It’s A Woman’s World: Genee Habansky of Herbaceous Catering Co.

Andrew Dominick

Since 2014, Genee Habansky’s Herbaceous Catering Co. has made the rounds all over. Catering, sure, but you’ve most likely come across her, if not at a private party, then it’s been at an event somewhere in Fairfield County (and beyond). If not there, then maybe you’ve picked up her food at the Westport Farmers Market where Herbaceous is a steady vendor.

Habansky’s philosophy when it comes to her catering business is all about caring for the environment, plus, seasonality, locality, and super fresh as it pertains to ingredients she uses, something she became passionate about, first, at culinary school, then at Paul Newman’s The Dressing Room and her other stints at places like Pagano’s Seafood, Heirloom, Walrus + Carpenter, and Centro.

The last time I saw Genee, we barely had a chance to chat except for a quick “hello!” as she was busy running her table, and I was busy wood firing 40+ grandma style pizzas at Wakeman Town Farm’s annual fundraiser.

So, I’m just as excited to get to know her a bit more…RIGHT NOW!

Let’s dive into her food origin story and get to know more about Herbaceous Catering.

Give us your earliest memory that made you fall in love with food and what made you want to go to culinary school?

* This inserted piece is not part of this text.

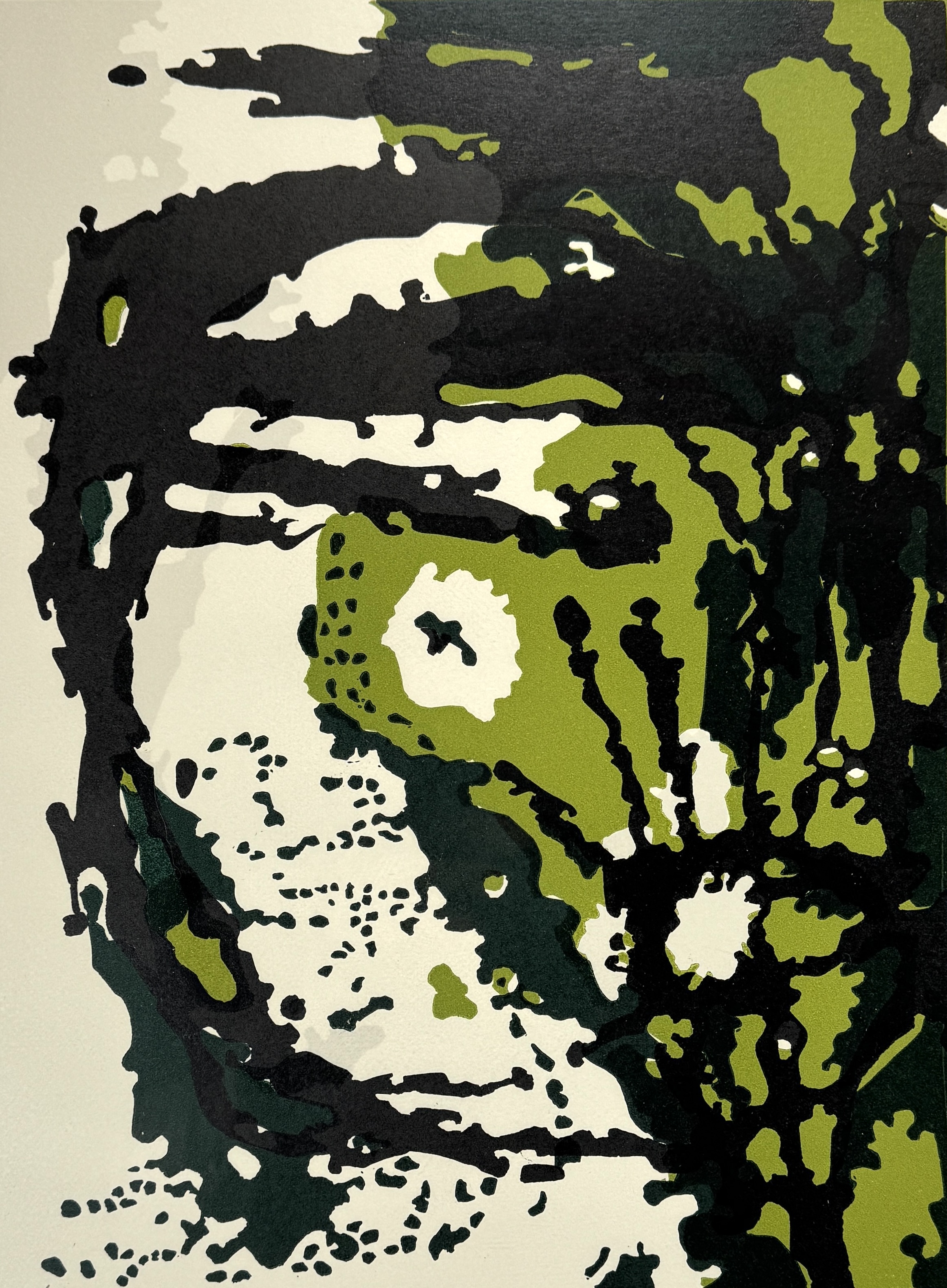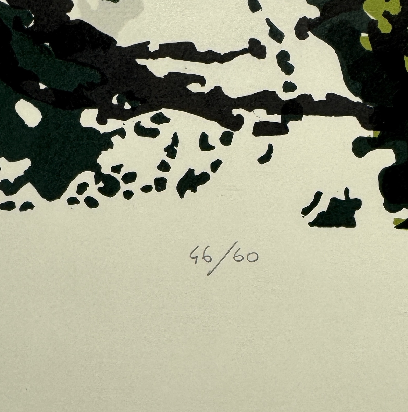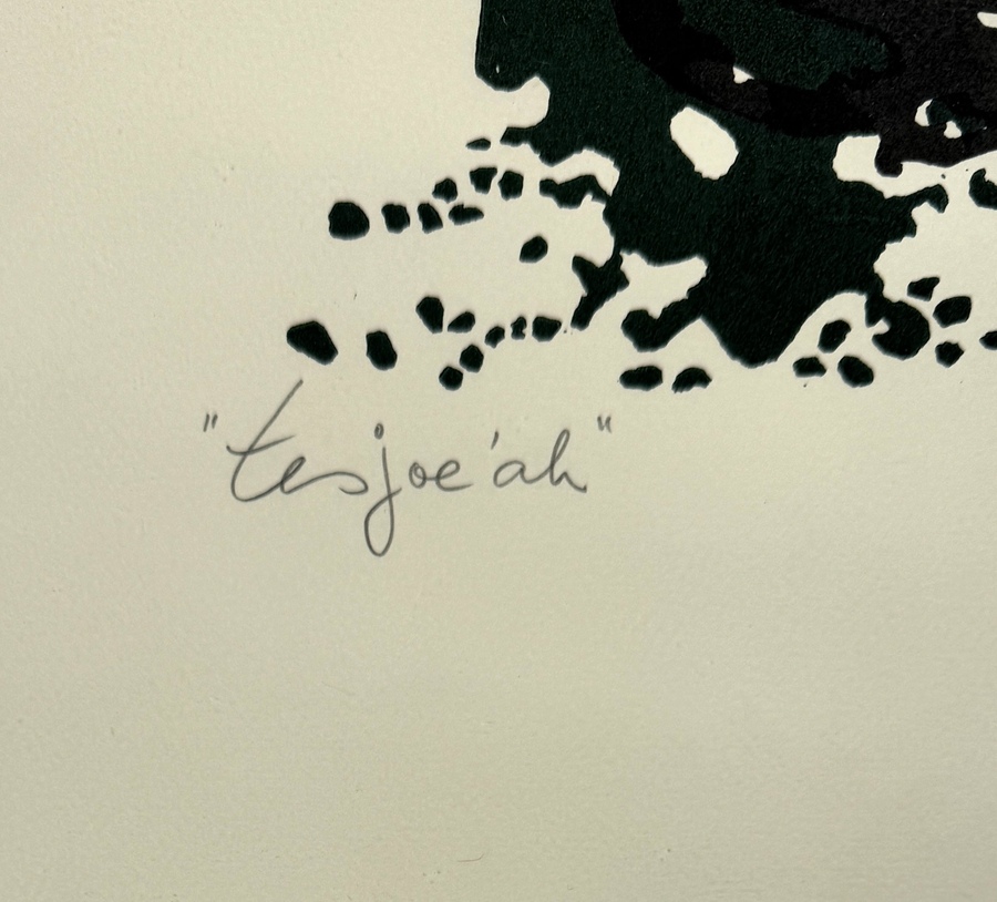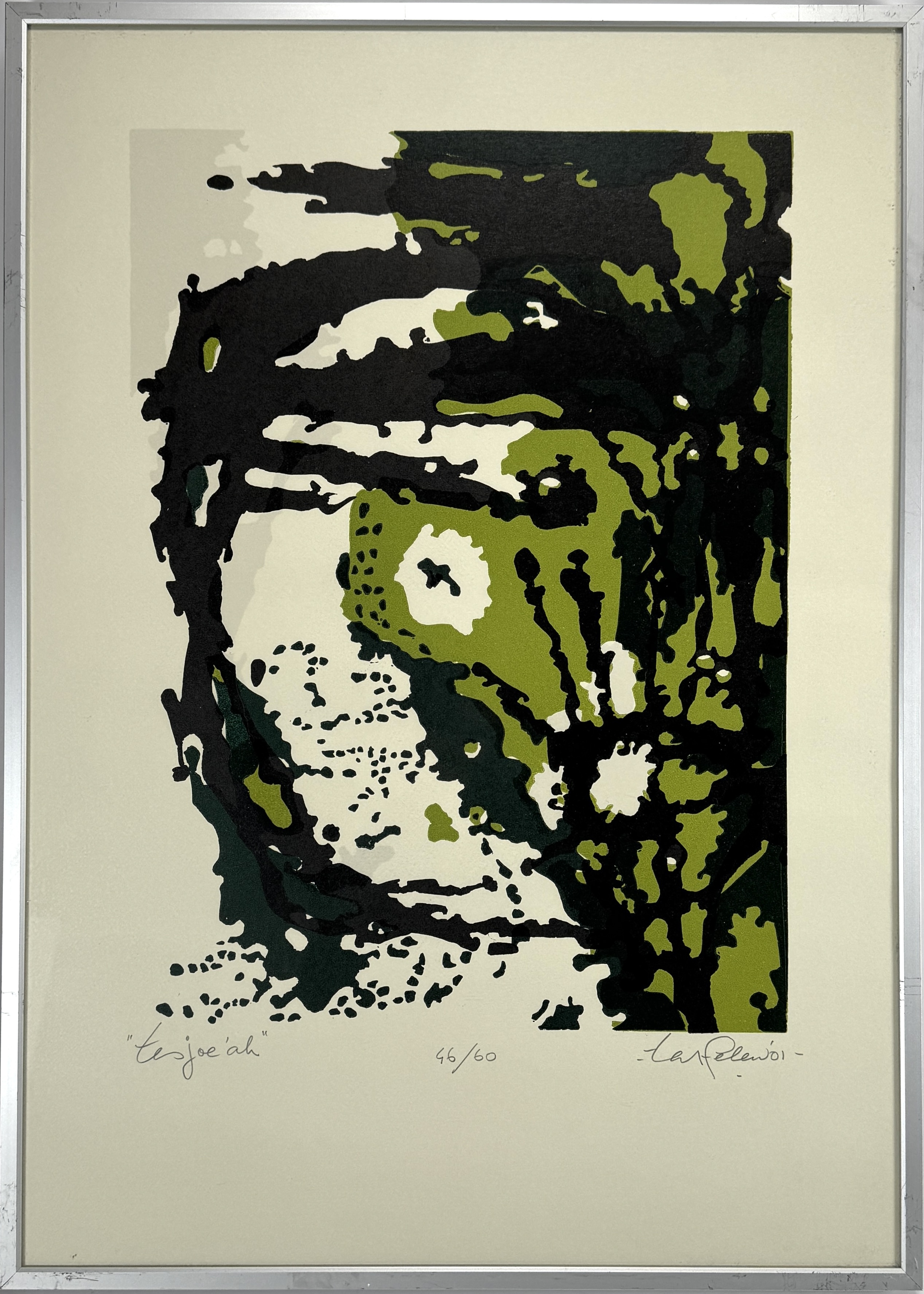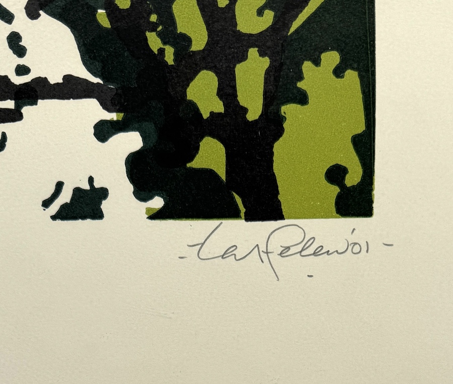 Linosnede door Ted Felen (1931–2016), meerkleurige Linosnedetechniek op papier, toont een abstracte compositie getiteld “Tesjoe’ah”. De organische vormen in groen en zwart contrasteren met de crèmekleurige achtergrond. Rechtsonder met potlood gesigneerd en gedateerd '01, midden onder oplagenummer 46/60 en linksonder titel. Kom langs tijdens de kijkdagen (10 t/m 12 april) en ontdek deze Linosnede zelf! |

I have always loved food since the moment I can remember. I was primarily raised by my father, who wasn’t a good cook, at all, but he could definitely grill a mean steak or salmon collar, or was an expert at getting take out or going out to eat. We ate well at some delicious restaurants. I really fell in love with all aspects of food when I met my husband’s family. They would gather in the kitchen and bond over food. Each time they gathered they would cook for each other. It was then that I could see the impact of food and how happy everyone one was when gathering around the kitchen table. When my father-in-law got sick, I realized the importance of food and health. I decided to attend the Natural Gourmet Institute. NGA was a plant-based culinary school that taught me how to cook, then how to cook holistically.

You’ve worked at some great restaurants. What made you leave the line and start Herbaceous Catering Co.?

After leaving culinary school, I knew I wanted to continue working in restaurants and continue working. Working the line is where I learned how to become an efficient cook. I had the opportunity to learn from some amazing chefs and became a stronger person working with some not-so-great ones. Line work is tough; long shifts, no breaks, little pay. I knew I wanted to cook my own food. I knew I wanted to be a part of people’s celebrations, we knew we wanted to know who grows our food, and source from amazing local farms. That is when my husband, Jesse, and I, started Herbaceous.

Explain what Herbaceous Catering’s ethos is.

Herbaceous Catering was born out of a love of food and gathering around the kitchen table. We are a true farm to table catering company. We scour the state looking for the best farms to source from. We develop relationships with our farmers who are the backbone of our business. These farmers have become our friends, raising the food we serve to our clients. Because of that, there is so much love in our food from seed to table. Being farm to table, taking care of our environment is also a must. We have eliminated plastic packaging and package salads and soups for prepared foods in mason jars, taking a deposit on each jar in order to reuse. We have also composted 17,000 pounds of food since 2019, dropping off any leftovers at Fridgeport in Bridgeport. This way we have done our best to eliminate food waste.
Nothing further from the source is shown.